Las investigaciones historiográficas se ven escoltadas así por dos narraciones afines: el testimonio de las víctimas y el proceso histórico contra los culpables. Y aunque muchos historiadores, y en especial los marxistas, hayan tratado de establecer una diferencia clara entre los factores históricos y los autores jurídicos, la tentación del arbitraje no cesa de acechar sus obras. Una pregunta se impone entonces: el hecho de saber si Moreno fue un traidor o no, Roca un asesino o no, Perón un revolucionario o no, ¿nos permite explicar los acontecimientos o los procesos históricos que protagonizaron?
La propia narración literaria, en todo caso, tuvo que alejarse de la historia entendida como una reconstrucción unificada y coherente de los hechos para dejar de oponer a los héroes y los anti-héroes, los inocentes y los culpables, las fuerzas del bien y del mal. Y fue alejándose de estas historias que dejó de cumplir la función social del mito: esos relatos que, proponiendo modelos positivos o negativos de comportamiento, transmiten los valores de una comunidad.
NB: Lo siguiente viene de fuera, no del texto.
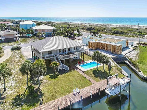 $85,000 in Rental Projections!!! See documents. Fantastic canal front front home with 4 bedrooms and 2 baths upstairs in 1950sqft with a 750sgft mother-n-law area downstairs with a full bath and screened in porch with its own separate entrance. The home has 85ft of docks on the canal with a 10,000lbs lift with a short 3min ride to Ole River! Come enjoy the Oasis of the backyard with a inground heated pool and beach access across the street. Wrap around decks with views of the Gulf of Mexico!! This home is perfect for the investor or second home!! Parking for 10 cars
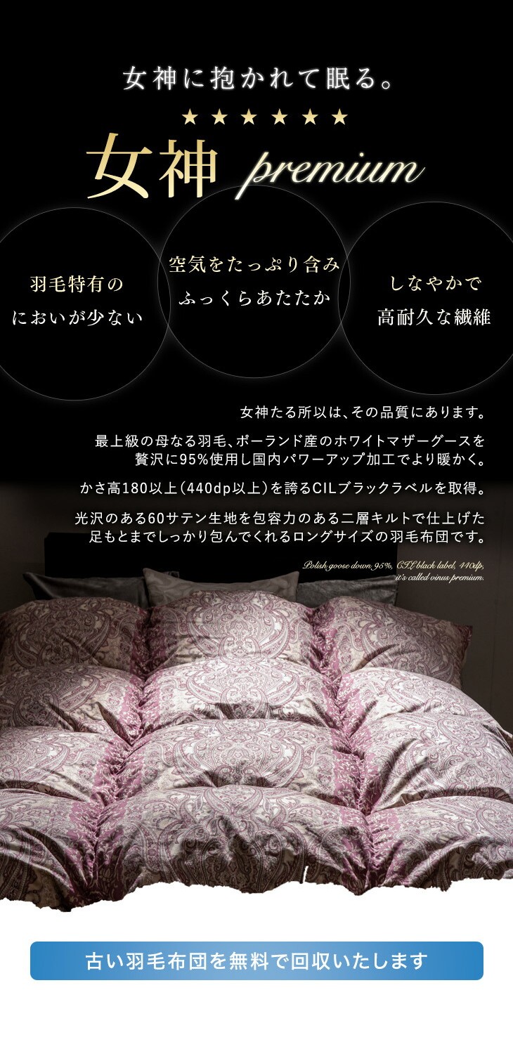 ※羽毛は天然素材のため無臭ではございません。開梱直後や温度・湿度等の環境等により臭いを感じる場合がございますので、開封直後には風通しの良い場所での十分な陰干し等をお勧めいたします。

Tal vez aquella perseverancia de la dimensión judicial de la historia provenga de la función mítica de los relatos que apuntan a reproducir ciertos lazos sociales. Puede que un historiador sea perfectamente riguroso a la hora de establecer la inocencia o la culpabilidad de un personaje histórico, pero si orienta sus investigaciones en esa dirección, se debe a que pretende reproducir, a través de su narración, ciertos valores políticos o morales. Lo que nos sugiere hasta qué punto, e independientemente del estatuto ficticio o no de los hechos evocados, la historia nunca logra alejarse demasiado del mito.